• EXERCISE DIRECTIONS
Could you set down exactly the lines in the records below between the line holding "Водоотводящий желоб Alcadrain" and the line holding "Comparative micrographs of", inclusive?

• GIVEN DATA
=== Begin Enclosure ===

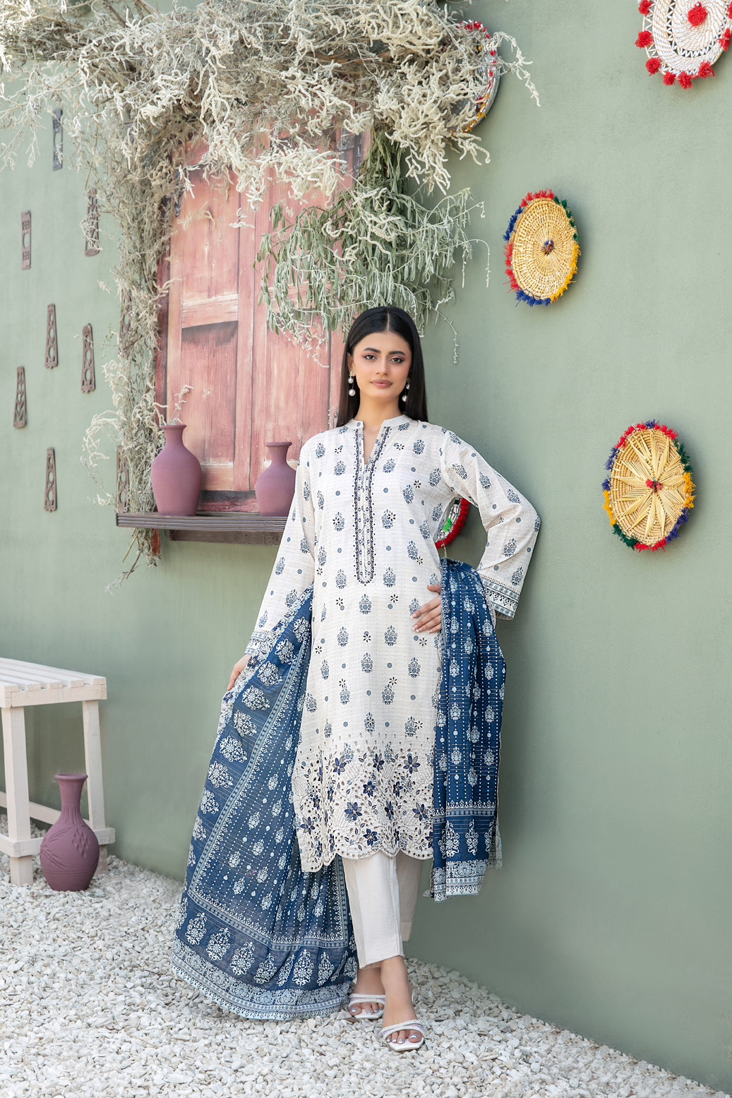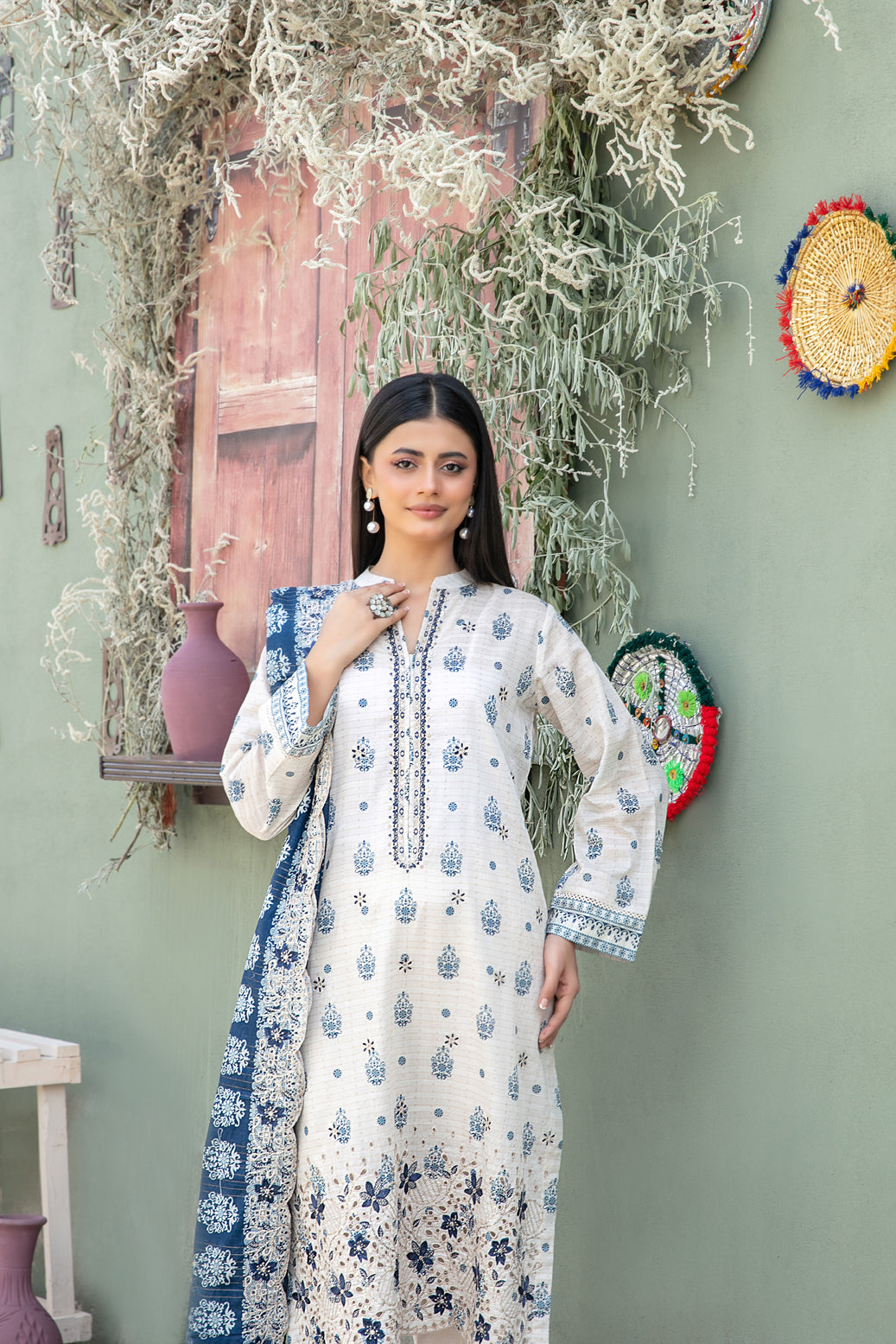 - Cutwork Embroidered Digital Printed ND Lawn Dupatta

=== End Enclosure ===
=== Begin Enclosure ===

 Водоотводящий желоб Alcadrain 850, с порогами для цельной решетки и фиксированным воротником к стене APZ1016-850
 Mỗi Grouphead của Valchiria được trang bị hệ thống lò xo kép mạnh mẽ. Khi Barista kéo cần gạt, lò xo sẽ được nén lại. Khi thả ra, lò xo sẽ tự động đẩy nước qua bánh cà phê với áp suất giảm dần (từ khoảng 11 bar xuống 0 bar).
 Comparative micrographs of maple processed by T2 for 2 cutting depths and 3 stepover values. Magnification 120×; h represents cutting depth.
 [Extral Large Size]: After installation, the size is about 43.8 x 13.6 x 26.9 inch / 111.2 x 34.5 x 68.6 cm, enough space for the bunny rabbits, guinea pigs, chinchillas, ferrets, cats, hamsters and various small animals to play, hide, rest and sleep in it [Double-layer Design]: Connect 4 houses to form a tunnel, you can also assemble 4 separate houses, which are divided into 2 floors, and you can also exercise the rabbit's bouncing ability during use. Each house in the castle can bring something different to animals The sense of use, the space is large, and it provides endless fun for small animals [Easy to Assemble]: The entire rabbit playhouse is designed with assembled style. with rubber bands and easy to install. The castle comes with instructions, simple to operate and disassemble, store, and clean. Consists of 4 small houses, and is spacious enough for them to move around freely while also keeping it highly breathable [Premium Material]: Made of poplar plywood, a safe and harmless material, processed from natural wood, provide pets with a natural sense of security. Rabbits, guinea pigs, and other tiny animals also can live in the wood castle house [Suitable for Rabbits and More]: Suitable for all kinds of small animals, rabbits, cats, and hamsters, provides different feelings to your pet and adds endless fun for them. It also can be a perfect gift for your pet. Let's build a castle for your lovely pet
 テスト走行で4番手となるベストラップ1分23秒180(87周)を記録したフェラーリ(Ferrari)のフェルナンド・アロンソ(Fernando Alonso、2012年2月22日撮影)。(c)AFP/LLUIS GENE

=== End Enclosure ===

• EXERCISE SOLUTION
 Водоотводящий желоб Alcadrain 850, с порогами для цельной решетки и фиксированным воротником к стене APZ1016-850
 Mỗi Grouphead của Valchiria được trang bị hệ thống lò xo kép mạnh mẽ. Khi Barista kéo cần gạt, lò xo sẽ được nén lại. Khi thả ra, lò xo sẽ tự động đẩy nước qua bánh cà phê với áp suất giảm dần (từ khoảng 11 bar xuống 0 bar).
 Comparative micrographs of maple processed by T2 for 2 cutting depths and 3 stepover values. Magnification 120×; h represents cutting depth.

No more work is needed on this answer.